Рождество 1918‐го прошлось по Новоникольскому не праздничным хороводом под задорные колядки, а неуклюжей пятерней, сжимавшей пожеванные листовки. Вместо портретов благообразного Николая Второго, самодержца российского, везде понатыкали кривых сообщений, что вся власть отныне будет у простого люда, а помещиков и князей надо гнать взашей. Глафира от таких новостей бледнела и хотела ответа только на один вопрос: какая участь уготована китайцам? Нет ли указания оставить на Русской земле только русский народ, чтобы отдать ему эту самую власть, а всех прочих – китайцев, казахов, татар, да хоть голландца Мануила Захарыча – вон поганой метлой, чтобы не мешали править. Однако никого, кроме нее, не заботил национальный вопрос и никому не было дела до китайцев, когда буквально под окном творилась история.

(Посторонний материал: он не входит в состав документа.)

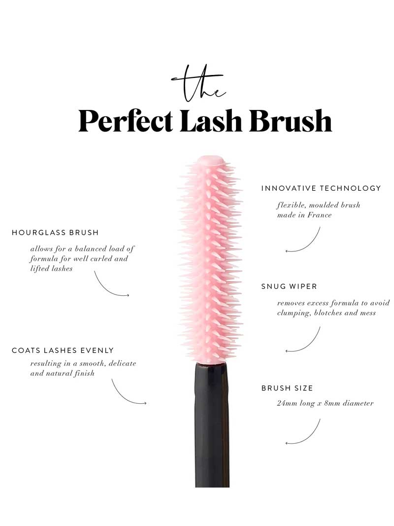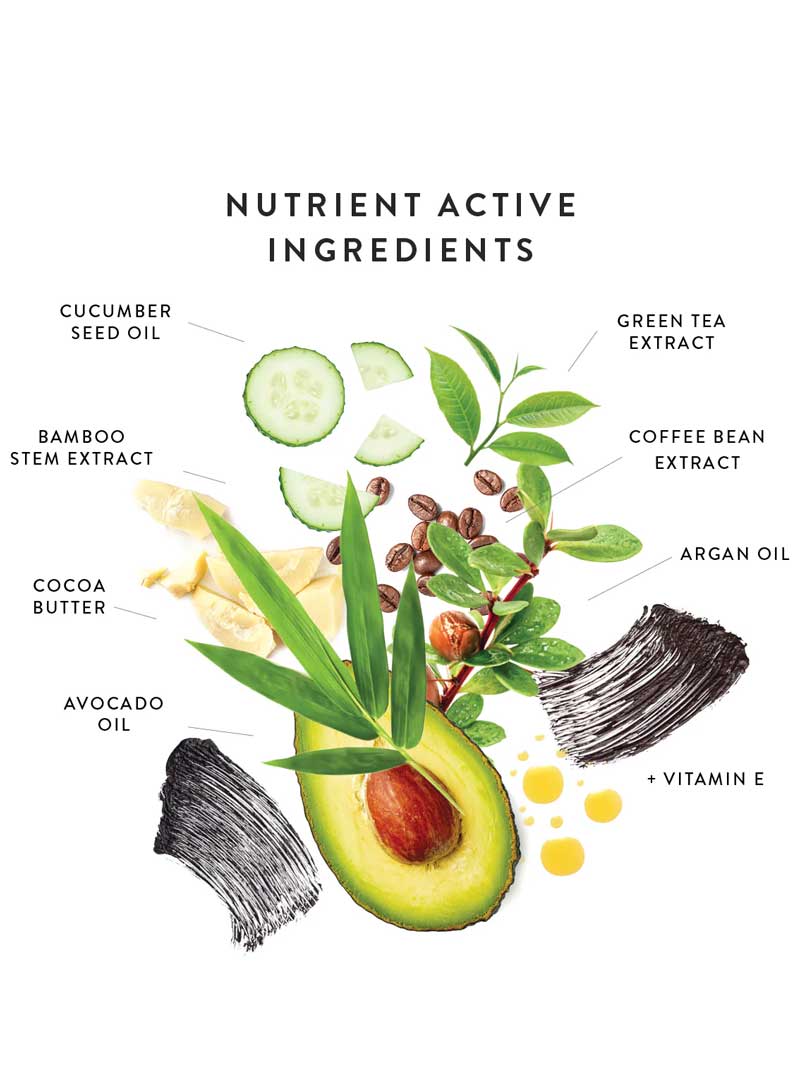 Apply Lash Nourish Mascara brush to root end of lashes and wiggle up to the top. Dip and repeat for bottom lashes. Add a second coat if desired.

Будь Федор дома, он наверняка сумел бы выведать на своем корявеньком языке, что да как задумано по поводу инородцев. Глафира привыкла во всем полагаться на мужа, ей и в самом страшном сне не виделось, чтобы жить и хозяйствовать одной, по своему только разумению. А как сеять? А жать? А кому сколько платить?
Братец Карп, которого она теребила неуемными расспросами, лишь насмехался да отмахивался:
– Брось, Глашка, сейчас не до пахоты, нонче надо в новой власти разобраться, значица, установить, как в Москве и Петрограде.
– А пахать? – разводила руками Глафира. – Разве пахать не надобно? А кушать что станем по осени?
– Эх ты, земельная душонка, как и Федька твой. Лишь бы сеять, да жать, да кубышку зажать.